Crede che il giudizio
storico su Mani Pulite sia ancora imperfetto? Dovrà passare altro tempo?
Rispetto a questo, io non ho niente da aggiungere a quello
che ha detto il procuratore capo dell’epoca, Francesco Saverio Borrelli un anno
fa. Nel ventesimo anniversario di mani pulite Borrelli ha ricordato con queste
esatte parole l’accaduto: «Dobbiamo chiedere scusa agli italiani.
Non valeva la pena di buttare il mondo precedente per cadere in quello attuale». Da
parte del massimo protagonista della repressione giudiziaria di quegli anni c’è
l’ammissione più piena del fallimento, anzi del danno provocato. Ripensandoci,
vedo un orribile cinismo in questo verbo così sciatto: “buttare”. In genere si
dice: “buttare la spazzatura.” Non: “buttare gli uomini”. Eppure proprio quello
è successo.
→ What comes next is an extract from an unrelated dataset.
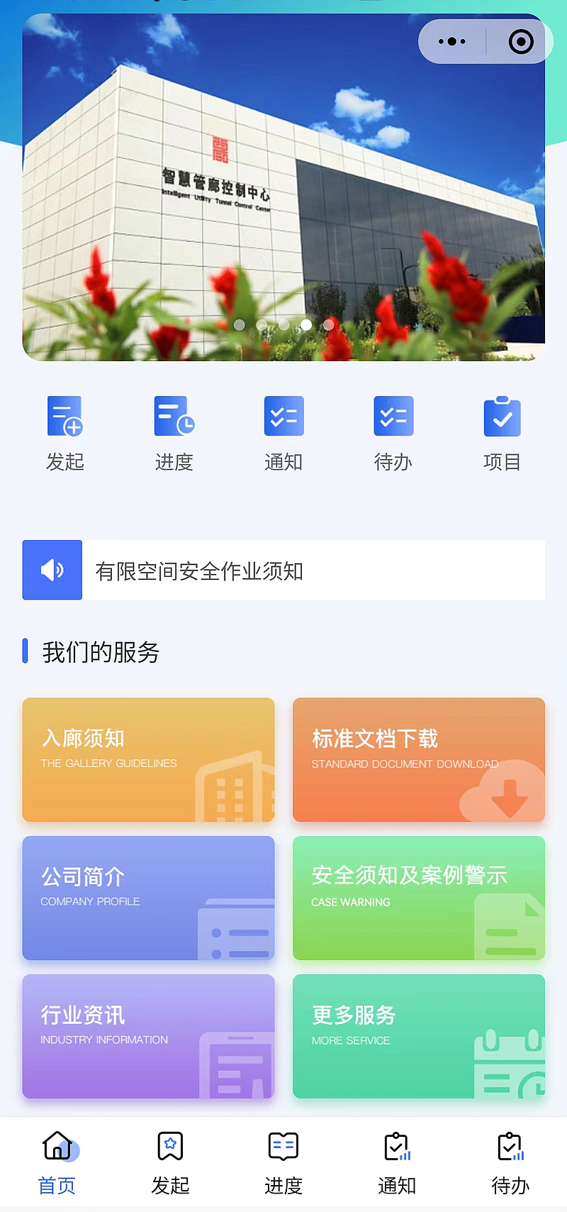 隨著新城經濟快速發展,越來越多企業(ye) 落戶灃西,為(wei) 了向企業(ye) 提供更便利的服務,提高入廊效率,規範有限空間作業(ye) 流程,管廊公司以信息化為(wei) 手段,根據實際需求建立了一套完整的線上業(ye) 務辦理流程,推出“西鹹新區鴻通管廊”入廊小程序。

Si è buttato via il mondo precedente, che era un mondo in carne ed
ossa: uomini in gran parte rivelatisi innocenti o molto meno colpevoli rispetto
alle accuse che avevano subito, e che pure sono stati rovinati. Alcuni ci hanno
perso la vita, molti la salute. E, dice, Borrelli: si è compiuto questo
misfatto per precipitare nel mondo attuale. Non c’è più ormai un italiano che
non sia consapevole del fatto che la Seconda Repubblica è stata molto peggio
della Prima. La democrazia non sopporta traumi violenti. La democrazia ha
bisogno di continuità, e di cambiamenti frequenti ma non traumatici. La
distruzione del sistema politico della Prima Repubblica, nell’illusione che
distruggere i partiti e in particolare i partiti di governo, avrebbe posto fine
alla corruzione, si è rovesciata nella dimostrazione opposta e contraria: i
partiti non ci sono più, ma la corruzione è enormemente aumentata.
Tra i 47 suicidi, c’erano
Raul Gardini, Sergio Moroni, Gabriele Cagliari, a cui lei dedica le pagine più
intime. Nel frattempo, i suicidi in Italia sono esplosi: molti sono collegati
alla crisi, alla perdita del lavoro, alla rottura dell’identità. Cosa ha spinto questi suoi amici a dirigere il
conflitto contro se stessi?
Vorrei
prima togliere di mezzo un equivoco che c’è sempre di mezzo quando si affronta
il tema del suicidio, e cioè che il suicida sia una persona particolarmente
fragile. L’atteggiamento che hanno dimostrato i magistrati di Mani Pulite – «Che
possiamo farci noi se qualcuno, perché colpevole, si suicida? doveva pensarci
prima»
–,
io lo trovo terrificante. Non bisogna mettere nessun essere umano con le spalle
al muro e inchiodarlo a questa alternativa tragica: salvare il rispetto degli
altri togliendosi la vita, o preservare la propria vita perdendo la dignità.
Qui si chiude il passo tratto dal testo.